How to create highlighted search result excerpts

How to create highlighted search result excerpts

How to create highlighted search result excerpts

Overview

The highlighting system works as a pipeline, with four component types.

  • Fragmenters chop up the original text into __fragments__, based on the locations of matched terms in the text.
  • Scorers assign a score to each fragment, allowing the system to rank the best fragments by whatever criterion.
  • Order functions control in what order the top-scoring fragments are presented to the user. For example, you can show the fragments in the order they appear in the document (FIRST) or show higher-scoring fragments first (SCORE)
  • Formatters turn the fragment objects into human-readable output, such as an HTML string.

Requirements

Highlighting requires that you have the text of the indexed document available. You can keep the text in a stored field, or if the original text is available in a file, database column, etc, just reload it on the fly. Note that you might need to process the text to remove e.g. HTML tags, wiki markup, etc.

How to

Get search results:

results = mysearcher.search(myquery)
for hit in results:
    print(hit["title"])

You can use the highlights() method on the whoosh.searching.Hit object to get highlighted snippets from the document containing the search terms.

The first argument is the name of the field to highlight. If the field is stored, this is the only argument you need to supply:

results = mysearcher.search(myquery)
for hit in results:
    print(hit["title"])
    # Assume "content" field is stored
    print(hit.highlights("content"))

If the field is not stored, you need to retrieve the text of the field some other way. For example, reading it from the original file or a database. Then you can supply the text to highlight with the text argument:

results = mysearcher.search(myquery)
for hit in results:
    print(hit["title"])

    # Assume the "path" stored field contains a path to the original file
    with open(hit["path"]) as fileobj:
        filecontents = fileobj.read()

    print(hit.highlights("content", text=filecontents))

The character limit

By default, Whoosh only pulls fragments from the first 32K characters of the text. This prevents very long texts from bogging down the highlighting process too much, and is usually justified since important/summary information is usually at the start of a document. However, if you find the highlights are missing information (for example, very long encyclopedia articles where the terms appear in a later section), you can increase the fragmenter’s character limit.

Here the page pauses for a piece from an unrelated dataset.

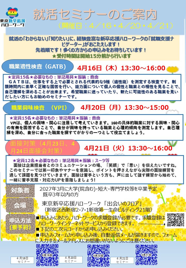 - 東京新卒応援ハローワーク 「出会いのフロア」(新宿区西新宿2-7-1新宿第一生命ビルディング21階)

You can change the character limit on the results object like this:

results = mysearcher.search(myquery)
results.fragmenter.charlimit = 100000

To turn off the character limit:

results.fragmenter.charlimit = None

If you instantiate a custom fragmenter, you can set the character limit on it directly:

sf = highlight.SentenceFragmenter(charlimit=100000)
results.fragmenter = sf

See below for information on customizing the highlights.

If you increase or disable the character limit to highlight long documents, you may need to use the tips in the “speeding up highlighting” section below to make highlighting faster.

Customizing the highlights

Number of fragments

You can use the top keyword argument to control the number of fragments returned in each snippet:

# Show a maximum of 5 fragments from the document
print hit.highlights("content", top=5)

Fragment size

The default fragmenter has a maxchars attribute (default 200) controlling the maximum length of a fragment, and a surround attribute (default 20) controlling the maximum number of characters of context to add at the beginning and end of a fragment:

# Allow larger fragments
results.fragmenter.maxchars = 300

# Show more context before and after
results.fragmenter.surround = 50

Fragmenter

A fragmenter controls how to extract excerpts from the original text.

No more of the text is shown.